Geographically, the Florida Megaregion spans approximately 35,000 square miles across southern and central Florida, encompassing a network of counties including Miami-Dade, Broward, Palm Beach, Orange, Hillsborough, Pinellas, Polk, Brevard, Lee, Seminole, Osceola, Duval and Collier, among others. The region's boundaries are defined by urban connectivity rather than strict political lines, centered around the I-4 corridor linking Tampa and Orlando and the Interstate 95 corridor along the Atlantic coast.

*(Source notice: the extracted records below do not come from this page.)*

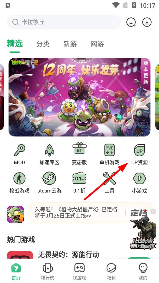 2、在首頁(yè)界面中,找到UP資源選項(xiàng)并點(diǎn)擊進(jìn)入U(xiǎn)P資源頁(yè)面。
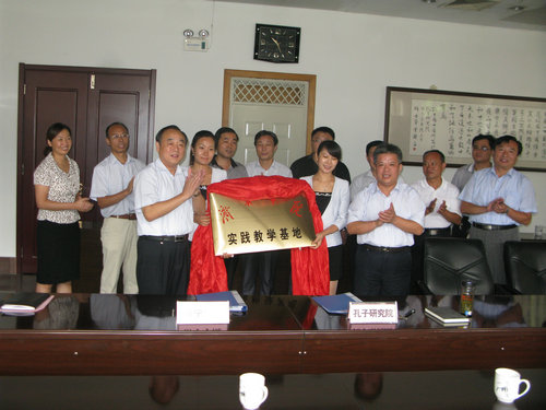 9月4日上午,我校实践教学基地签约暨授牌仪式在中国孔子研究院会议室隆重举行。我校党委委员、副院长朱松涛,孔子研究院院长杨朝明、纪委书记胡志平,我校教务处处长李传银、副处长王玉华,文化传播系党总支书记邓新民、系主任王传武等参加了仪式。
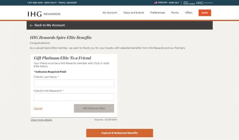 NerdWallet’s analysis pegs the value of IHG One Rewards points at 0.6 cent per point. At that rate, the 25,000 bonus points option is worth around $150. So, make sure a friend or family member will get at least this much value out of Platinum Elite status before opting for the elite status gifting option.
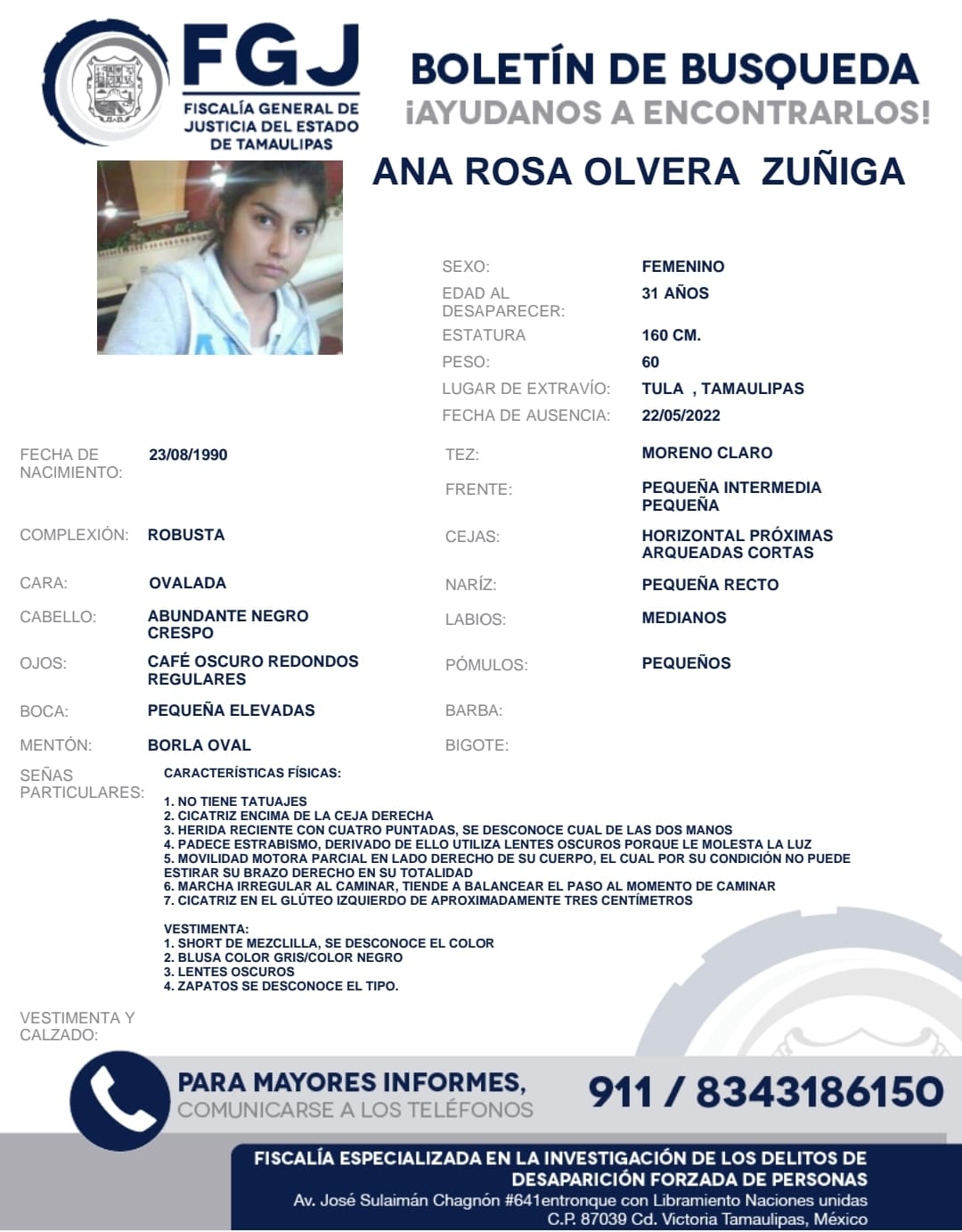 Se trata de Ana Rosa Olvera Zúñiga quien, de acuerdo al boletín de búsqueda emitido por la Fiscalía General de Justicia de Tamaulipas, desapareció en el municipio de Tula el pasado 22 de mayo del presente año.
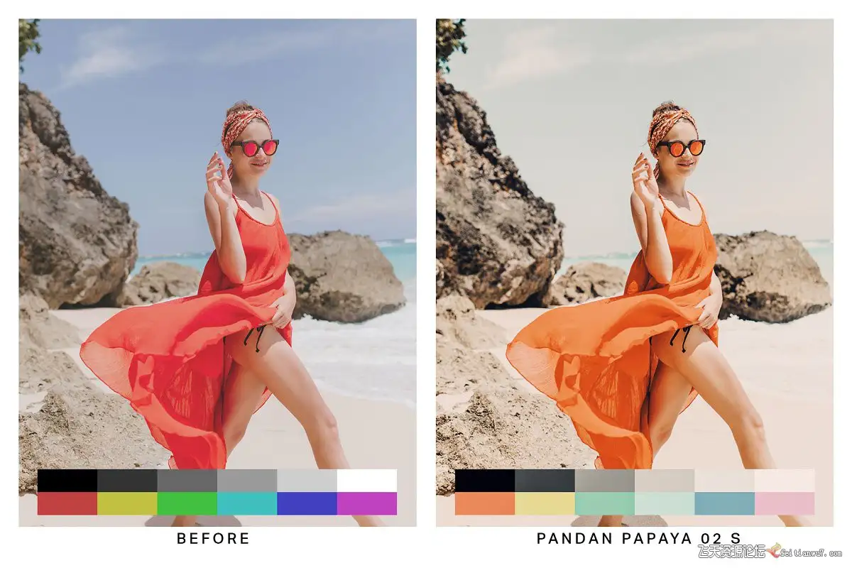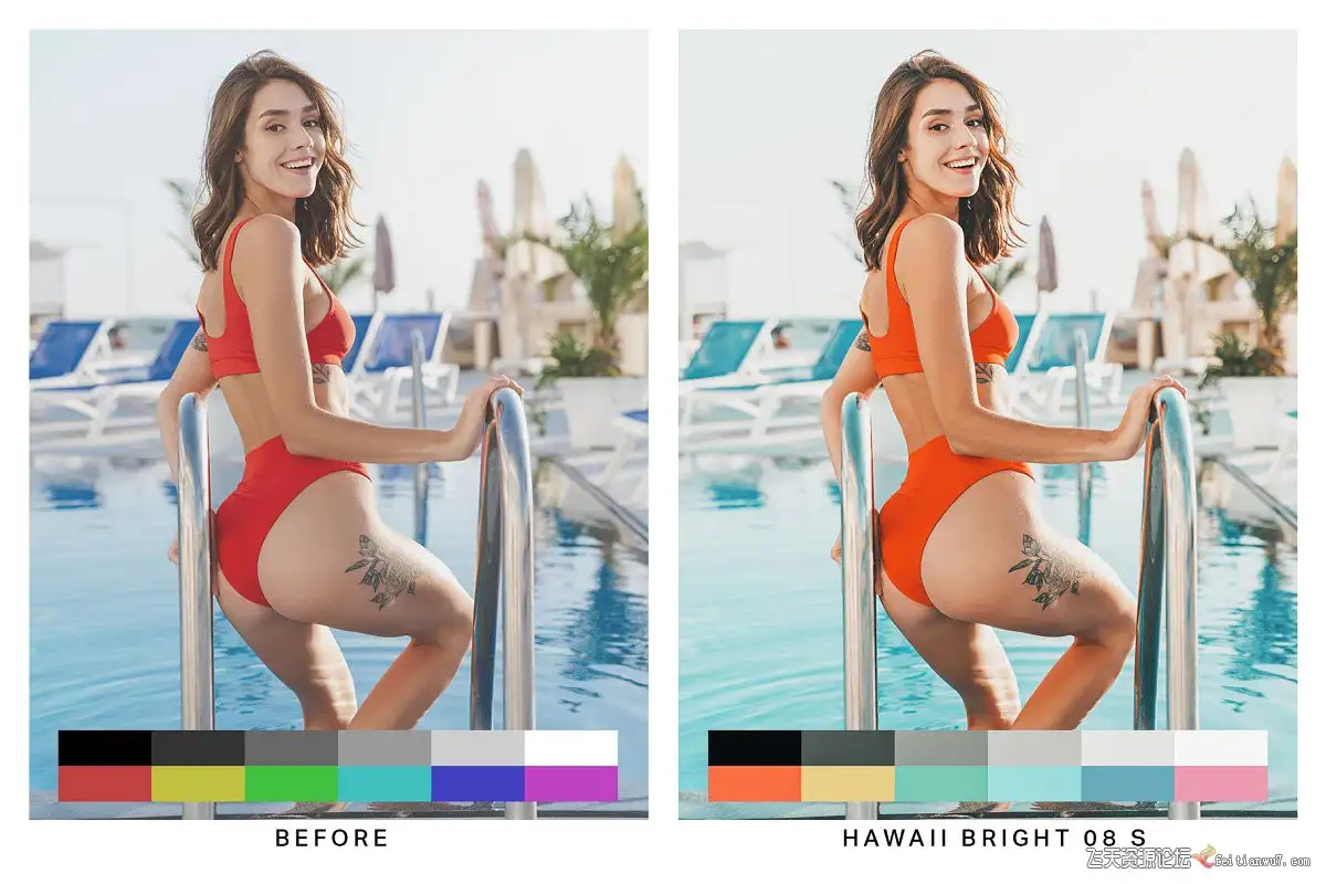 夏威夷明亮(10个预设)-通过这些明亮而充满活力的Lightroom预设使色彩流行。颜色朝着令人愉悦的木瓜红色,青色和粉红色转移。
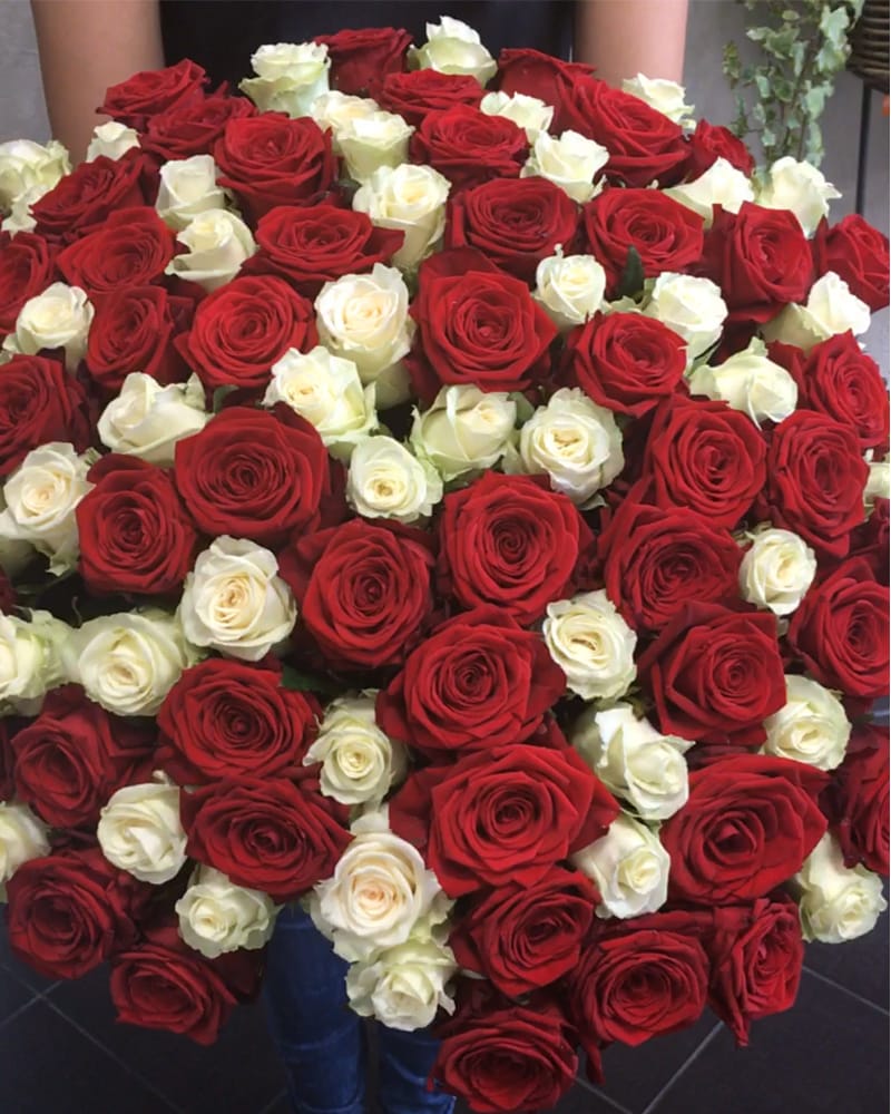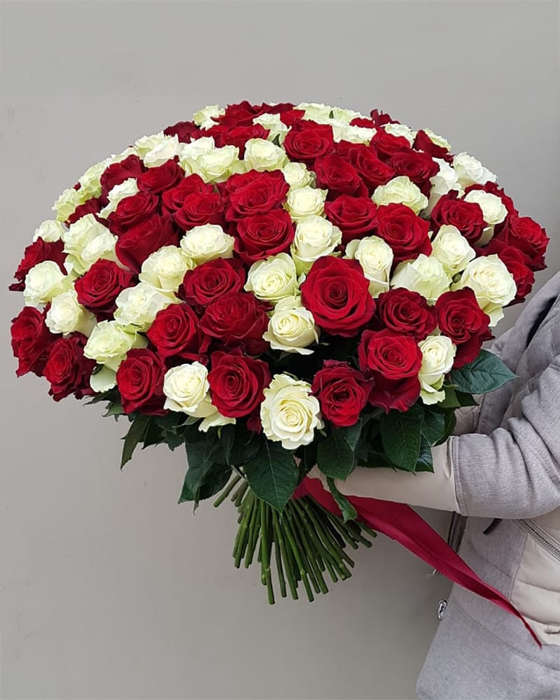 Elegants ziedu sveiciens, ziedu pušķis no 101 vienas rozes, baltu un sarkanu rožu mix, ziedu garumu varat izvēlēties sākot no 40 cm.
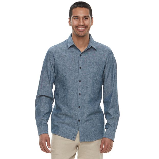 Men s Marc Anthony Slim Fit Linen Blend Button Down Shirt
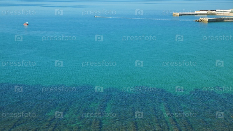 Панорамный вид на живописное побережье с прозрачными бирюзовыми водами. Вдалеке видна небольшая лодка, а бетонный пирс уходит в море. Вода спокойная и прозрачная, обнажая морское дно
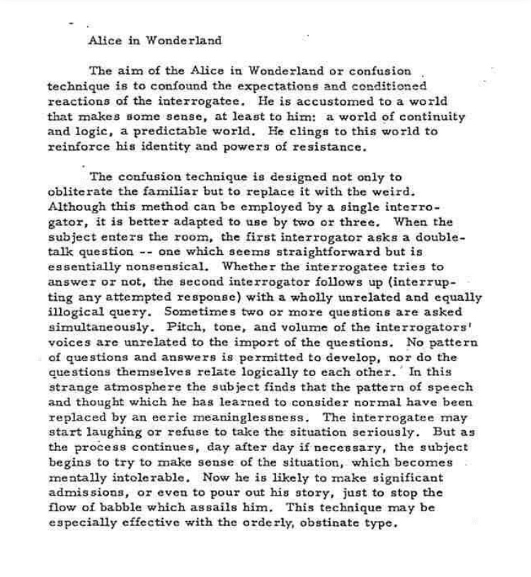 Originalmente diseñado como un programa para ser utilizado con fines de interrogatorio, el programa MK-ULTRA siguió muchas de las directrices enumeradas en el Manual de Interrogatorio de Kubark desclasificado, que enumera un método de interrogatorio conocido como el método «Alicia en el País de las Maravillas». El método implica una técnica de confusión para separar al entrevistado de la realidad.
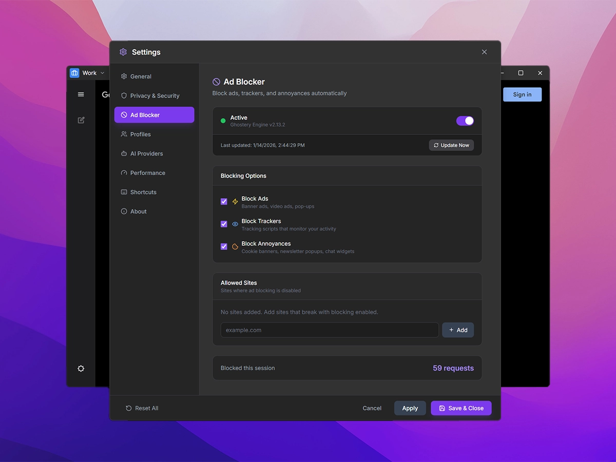 Work without distractions - Ad blocking built-in. Privacy-first. Your AI conversations stay on your computer, not sold to advertisers.

The megaregion's geography presents both opportunities and challenges. Its coastal location supports major ports like the Port of Miami and Port Everglades, facilitating trade with Latin America and the Caribbean. However, low elevation and proximity to the coast make the region highly vulnerable to sea level rise, storm surges, and hurricanes, with cities like Miami identified as among the most at-risk globally for climate change impacts.

== Economy ==
The Florida Megaregion is a cornerstone of the United States’ economy, driven by a diverse array of industries including tourism, hospitality, agriculture, real estate, transportation, and international trade. Anchored by the metropolitan areas of Miami, Orlando, and Tampa, the megaregion generates significant economic output, contributing an estimated $1.5 trillion to the U.S. gross domestic product (GDP) as part of the broader megaregional framework identified by the Regional Plan Association. Urbanist Richard Florida has emphasized that megaregions like Florida's are critical to global economic competitiveness, fostering innovation, and concentrating wealth and talent in interconnected urban networks.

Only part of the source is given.